>>
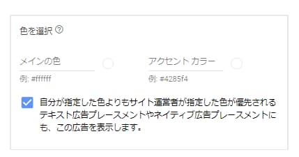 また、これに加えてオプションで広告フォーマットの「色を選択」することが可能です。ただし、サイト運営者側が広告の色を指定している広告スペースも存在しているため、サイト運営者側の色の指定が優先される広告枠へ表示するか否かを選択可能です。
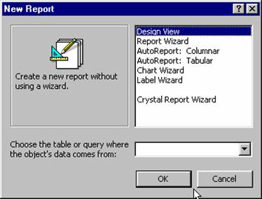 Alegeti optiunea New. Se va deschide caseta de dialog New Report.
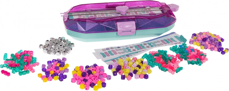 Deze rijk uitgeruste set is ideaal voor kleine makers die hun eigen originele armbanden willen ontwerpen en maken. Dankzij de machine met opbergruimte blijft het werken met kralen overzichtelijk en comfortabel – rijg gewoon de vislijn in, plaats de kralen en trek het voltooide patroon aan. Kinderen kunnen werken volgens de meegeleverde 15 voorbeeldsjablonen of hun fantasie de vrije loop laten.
<<
• PROBLEM REQUIREMENTS: Write out the data once more exactly, omitting the pictures.

• RESULT BELOW:
 また、これに加えてオプションで広告フォーマットの「色を選択」することが可能です。ただし、サイト運営者側が広告の色を指定している広告スペースも存在しているため、サイト運営者側の色の指定が優先される広告枠へ表示するか否かを選択可能です。
 Alegeti optiunea New. Se va deschide caseta de dialog New Report.
 Deze rijk uitgeruste set is ideaal voor kleine makers die hun eigen originele armbanden willen ontwerpen en maken. Dankzij de machine met opbergruimte blijft het werken met kralen overzichtelijk en comfortabel – rijg gewoon de vislijn in, plaats de kralen en trek het voltooide patroon aan. Kinderen kunnen werken volgens de meegeleverde 15 voorbeeldsjablonen of hun fantasie de vrije loop laten.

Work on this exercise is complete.